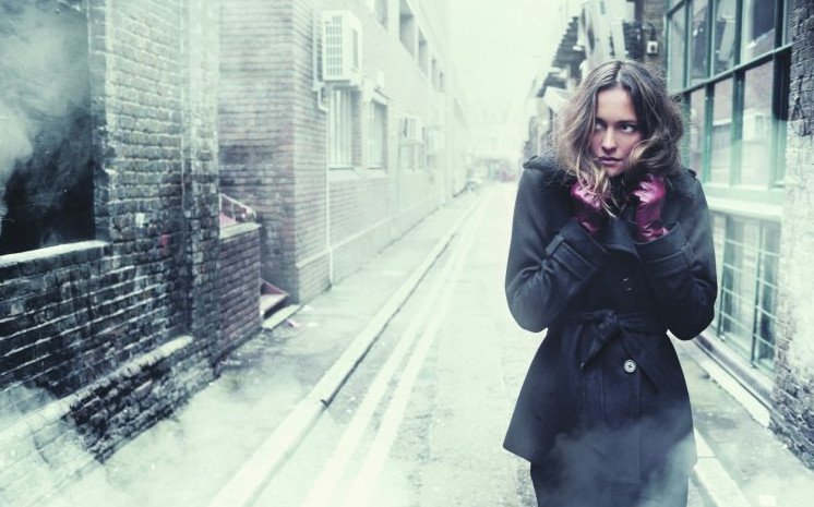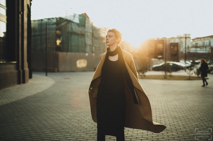 Девушка в плаще.
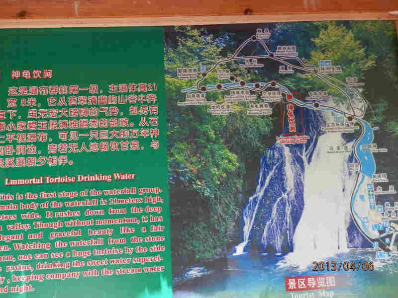 1328.広西チワン族自治区漓江古東風景区。滝の説明図。赤い印が現在地。めずらしくはっきりくっきり印が分かる。
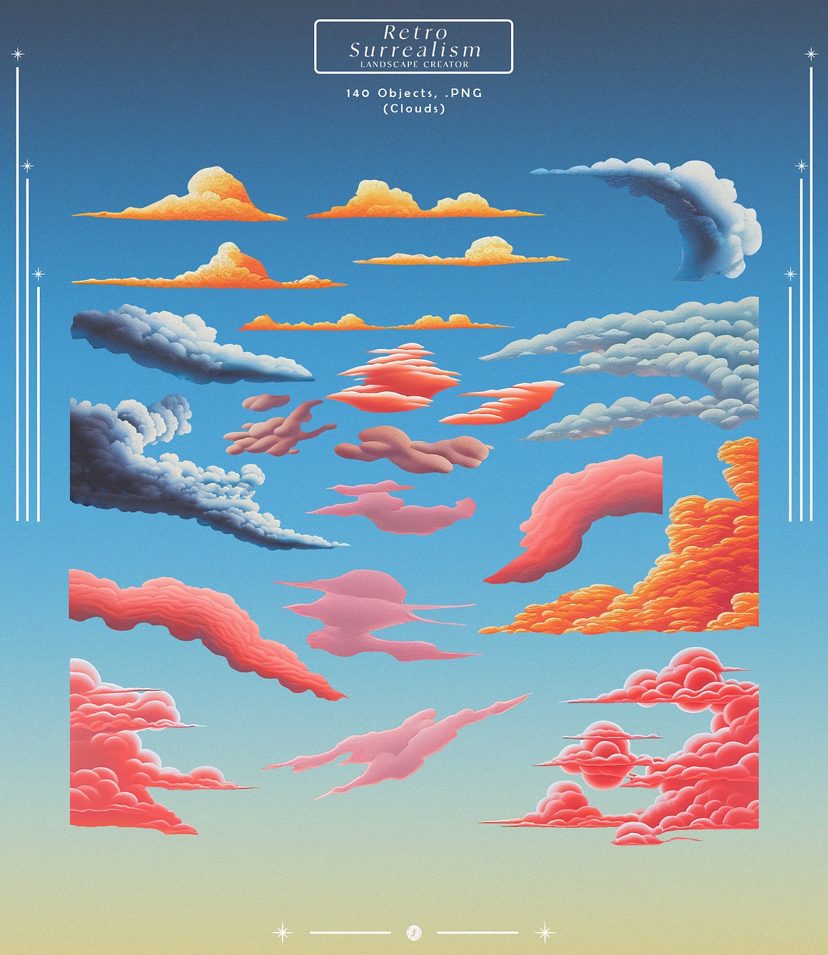Embrace the beauty of a dreamlike world with the “Retro Dream Landscape Creator” — a meticulously crafted collection of high-quality graphics designed to transport you to surreal retro-inspired landscapes. This extensive toolkit is ideal for artists, designers, and creators looking to add a nostalgic yet imaginative twist to their projects.

> Exercise details
Copy the listing verbatim, omitting images.

> Solution to this problem
 Девушка в плаще.
 1328.広西チワン族自治区漓江古東風景区。滝の説明図。赤い印が現在地。めずらしくはっきりくっきり印が分かる。
Embrace the beauty of a dreamlike world with the “Retro Dream Landscape Creator” — a meticulously crafted collection of high-quality graphics designed to transport you to surreal retro-inspired landscapes. This extensive toolkit is ideal for artists, designers, and creators looking to add a nostalgic yet imaginative twist to their projects.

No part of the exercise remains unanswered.